Pro-Hamas role-playing assignment earns Michigan high school USPIE’s May Millstone Award

With college campuses all over the United States exploding with tent cities, vandalism, anti-Israel demonstrations and anti-Semitic slogans, a Michigan high school thought it would be a good idea to have students script a pro-Hamas side for a debate. A handout from the class says, “You will be playing the role of a pro-Hamas student debate organizer for a medium-sized college in the U.S.”

“This one wasn’t even close,” says Sheri Few, president of United States Parents Involved in Education (USPIE). “They were asking students to make arguments on behalf of a terrorist group. When you see Jewish college students afraid to attend classes, and lawless protesters taking over buildings and wrecking the end of the school year, it takes a special kind of tone deafness to ask teens to identify with pro-Hamas demonstrators.”

A leader in the fight to defend parental rights and government removal from education, USPIE awards the May “Millstone of the Month Award” to Sandy Creek High School in Sandy Creek, Michigan. The Millstone of the Month Award is given to the person or organization involved in government schools who has committed the most egregious acts against children.

“This kind of thing illustrates how indoctrination at an impressionable age leads to anarchy, as shown through what is happening on college campuses today.
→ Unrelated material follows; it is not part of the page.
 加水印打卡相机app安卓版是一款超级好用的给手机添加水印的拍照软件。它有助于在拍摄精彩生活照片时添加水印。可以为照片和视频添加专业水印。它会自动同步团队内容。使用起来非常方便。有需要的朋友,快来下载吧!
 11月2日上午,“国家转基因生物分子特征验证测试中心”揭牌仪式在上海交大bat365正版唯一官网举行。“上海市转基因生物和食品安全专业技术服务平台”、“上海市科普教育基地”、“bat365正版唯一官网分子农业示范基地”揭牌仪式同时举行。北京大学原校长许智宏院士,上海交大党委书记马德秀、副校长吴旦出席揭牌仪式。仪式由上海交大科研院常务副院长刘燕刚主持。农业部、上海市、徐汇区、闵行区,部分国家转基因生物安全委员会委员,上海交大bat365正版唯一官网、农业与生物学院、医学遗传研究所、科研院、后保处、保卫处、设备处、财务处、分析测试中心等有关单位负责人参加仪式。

If this is how government schools are preparing children for higher education, they will never be safe and education will never be restored to its roots,” Few said.
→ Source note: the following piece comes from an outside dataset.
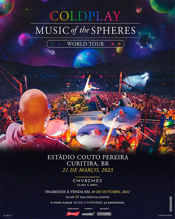 O Coldplay vai trazer Music Of The Spheres Tour para Curitiba no dia 21 de março de 2023 (terça-feira), em apresentação que acontece no Estádio Couto Pereira. O local (que nos últimos anos recebeu Paul McCartney, Maroon 5, Roger Waters e Metallica) tem capacidade para aproximadamente 43 mil pessoas quando utilizado como espaço para shows.

A student’s mother told a news outlet that a history instructor not only required students to defend the terrorist group but also turned down a request from her daughter to portray a pro-Israel student, according to the mother’s account.

The mother said she was also concerned about the age-appropriateness of such an assignment. “I mean a 14- and 15-year-old child we should never put them in a situation where they should be sympathizing with a terrorist organization’s mentality,” she told the news outlet.

Rep. Jamie Greene (R-Richmond) also told The Midwesterner that the assignment was inappropriate for students of an impressionable age.

“Schools should be focused on education, not politics,” Greene said. “Students should never be forced to advocate for beliefs that go against their conscience, especially on sensitive topics like religion or terrorism. Let’s get back to the basics of education: reading, writing, and arithmetic.”

United States Parents Involved in Education (USPIE) is a nonprofit, nationwide coalition that seeks to return education to its proper local roots and restore parental authority over their children’s education by helping parents and local communities to escape federal and other national influences. It is the vision of USPIE to create a culture where parents, empowered with the authority to choose what and how their children learn, are the undisputed primary educators of their children, where local schools operate in support of families, and where education is unencumbered by federal mandates.